§ YOUR TASK: Take the lines in the listing below from the line with "ngày 8-4. |" up to and including the line with "섬세하게 세공된 스피어" and set them down exactly, skipping pictures and adding nothing.

§ DATA FOR THE TASK:
►

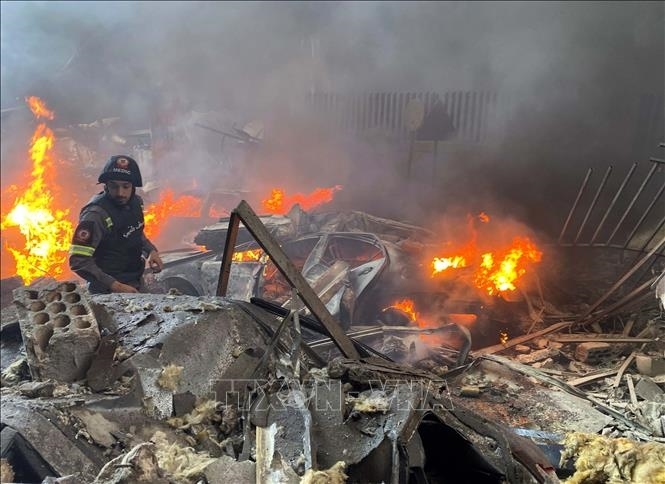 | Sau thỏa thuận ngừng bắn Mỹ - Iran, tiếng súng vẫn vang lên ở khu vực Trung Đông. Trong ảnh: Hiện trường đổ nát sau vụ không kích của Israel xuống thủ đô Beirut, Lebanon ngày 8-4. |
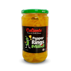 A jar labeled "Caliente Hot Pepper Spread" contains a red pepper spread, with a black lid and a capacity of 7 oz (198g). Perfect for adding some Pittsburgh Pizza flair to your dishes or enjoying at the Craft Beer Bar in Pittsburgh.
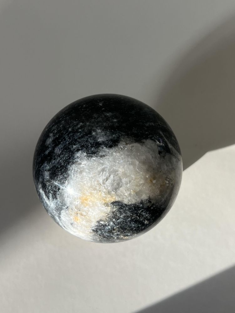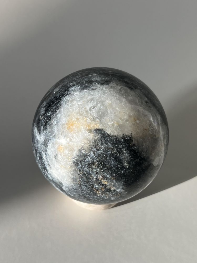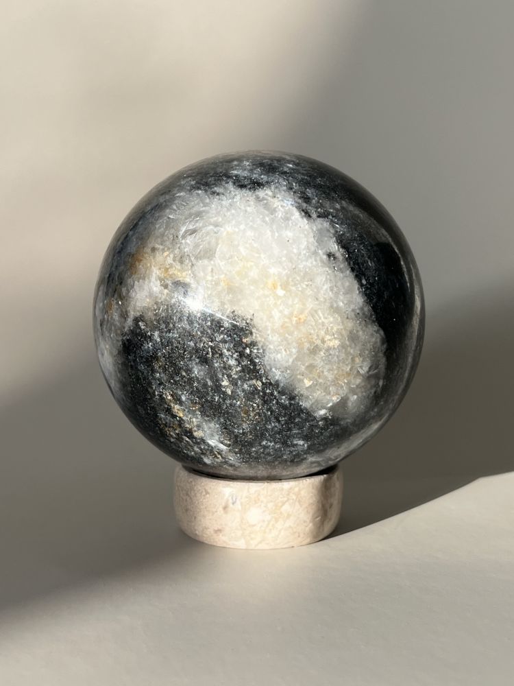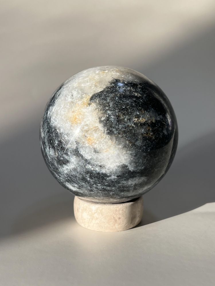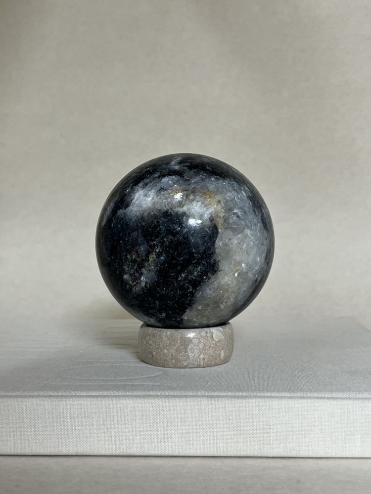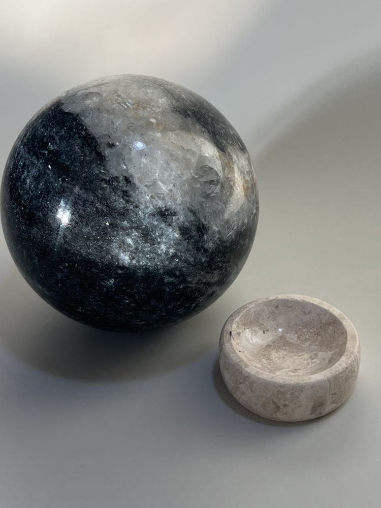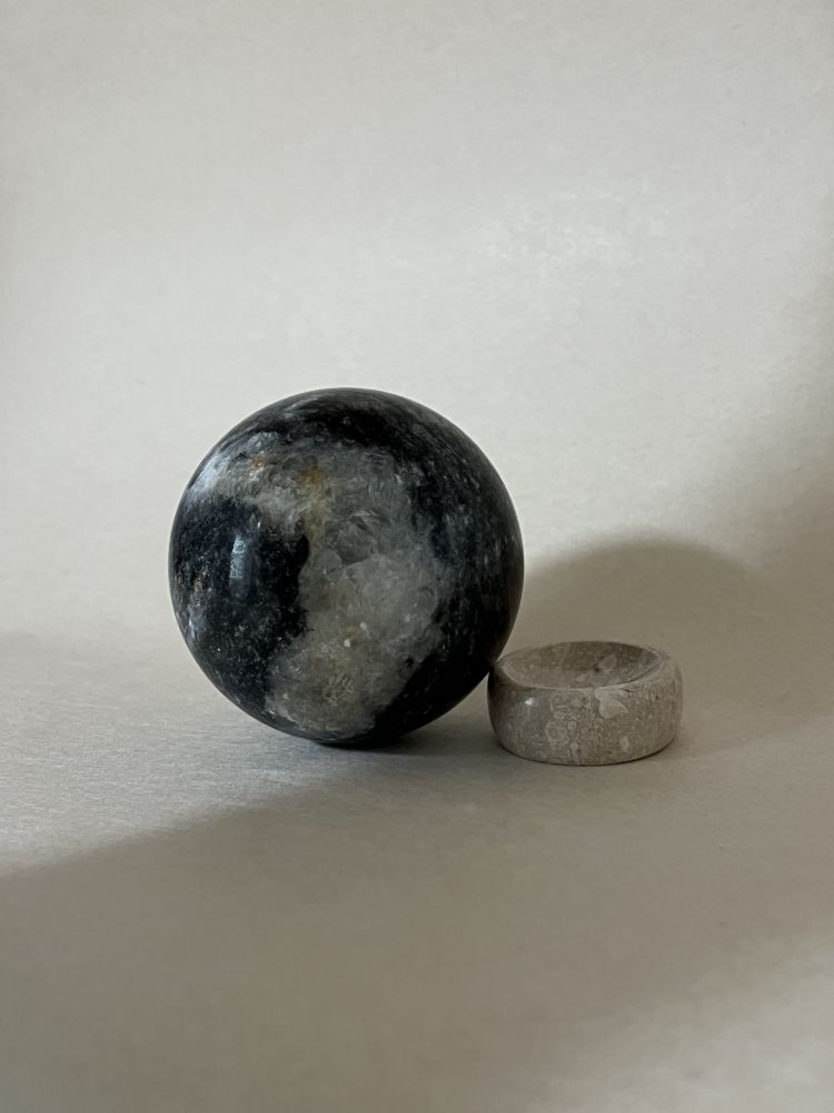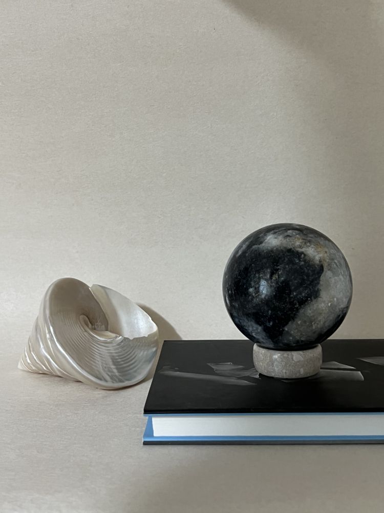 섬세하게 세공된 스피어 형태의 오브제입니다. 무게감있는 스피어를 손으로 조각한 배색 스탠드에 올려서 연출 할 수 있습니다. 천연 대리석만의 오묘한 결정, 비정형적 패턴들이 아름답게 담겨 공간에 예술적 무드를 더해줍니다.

◄
►

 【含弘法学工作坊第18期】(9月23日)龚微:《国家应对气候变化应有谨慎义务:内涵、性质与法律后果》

◄

§ RESPONSE TO THIS EXERCISE:
 | Sau thỏa thuận ngừng bắn Mỹ - Iran, tiếng súng vẫn vang lên ở khu vực Trung Đông. Trong ảnh: Hiện trường đổ nát sau vụ không kích của Israel xuống thủ đô Beirut, Lebanon ngày 8-4. |
 A jar labeled "Caliente Hot Pepper Spread" contains a red pepper spread, with a black lid and a capacity of 7 oz (198g). Perfect for adding some Pittsburgh Pizza flair to your dishes or enjoying at the Craft Beer Bar in Pittsburgh.
 섬세하게 세공된 스피어 형태의 오브제입니다. 무게감있는 스피어를 손으로 조각한 배색 스탠드에 올려서 연출 할 수 있습니다. 천연 대리석만의 오묘한 결정, 비정형적 패턴들이 아름답게 담겨 공간에 예술적 무드를 더해줍니다.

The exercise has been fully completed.